[cfe-dev] Alignment of bitfield structs

Renato Golin renato.golin at linaro.org
Tue Apr 21 18:07:07 PDT 2015


On 22 Apr 2015 1:54 am, "Richard Smith" <richard at metafoo.co.uk> wrote:
>
> On Tue, Apr 21, 2015 at 5:34 PM, Renato Golin <renato.golin at linaro.org>
wrote:
>>
>> On 21 April 2015 at 17:06, Reid Kleckner <rnk at google.com> wrote:
>> > Is "ABI alignment" just the alignment of an i64 as specified in
DataLayout,
>> > or is it something else? Maybe we are computing that alignment
incorrectly,
>> > and the alignment of an i40 should be 4.
>>
>> Alignment of bitfields in ARM depends on the alignment of the declared
>> type. In this case, int, or 4 bytes. What happened in this example is
>> that there are more bits than 32, but the ABI states that you must use
>> containers aligned to the declared type, so even if you use more than
>> 32 bits, you still need to align to 4 bytes. This essentially means
>> that you just keep using 4-byte integer containers until all bits fit
>> inside.
>>
>> Since i40 doesn't exist in any target, LLVM does the obvious thing and
>> promotes it to i64, but again, on ARM, long long (which is what i64
>> means) aligns to 8 bytes, then you have the conflict. I cannot imagine
>> a pass in LLVM that would see an i40 and split it into i32+i8 and
>> convert to { i32, i32 } just because it used to be a bitfield. Too
>> many things can go wrong, including alignment.
>>
>>
>> > Alternatively, we could have Clang slap 'align 4' on the global and
call it
>> > fixed.
>>
>> Would LLVM understand that correctly?
>
>
> Why wouldn't it? It looks like the problem is shallow: we happen to emit
a global in such a way that LLVM thinks it should be 8 byte aligned and
Clang wanted it to be 4 byte aligned. If the alignment inferred from the
type isn't the one we wanted, emitting an explicit alignment is exactly the
right thing to do.
>
>>
>> Would the ARM backend interpret
>> that correctly and "realise" it's supposed to extend only the extra i8
>> to an i32? Would that work on other backends? Or would it be better to
>>
>> let Clang, which knows about the ARM ABI, to emit { i32, i32 }?
>
>
> The type we use for a global variable, beyond the size and implied
alignment, is not supposed to matter.
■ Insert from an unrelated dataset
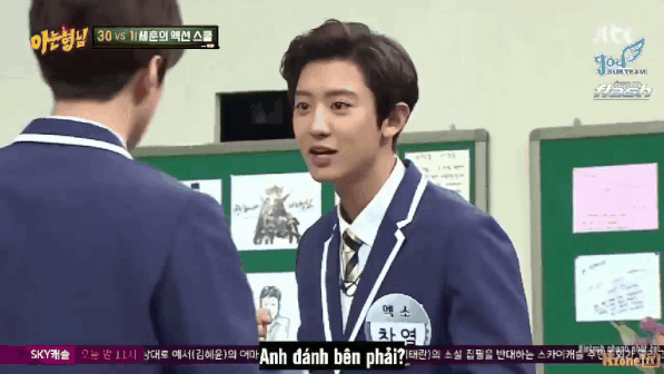 Cảnh quay này tất nhiên khiến khán giả vô cùng phấn khích, khi nhìn Sehun hóa thành cao thủ võ lâm tả xung hữu đột giữa kẻ thù. Nhưng mới đây, hậu trường cảnh hành động này được tiết lộ, khiến EXO-L cười ra nước mắt. Đó là khi nhóm EXO tham gia show giải trí Knowing Brothers, và Chanyeol tiết lộ cách Sehun tập luyện cho cảnh hành động.

If some backend is using the type of
a global variable for something ABI-relevant, we have a problem (we assume
that we can change the type on a whim, for instance to make it match the
type of a constant initializer).

The type does matter, for instance, on a big vs little endian issue, as to
where the final bits will end up. Literal i40 may work for big endian, but
has to be converted to i32 + i32 for little endian.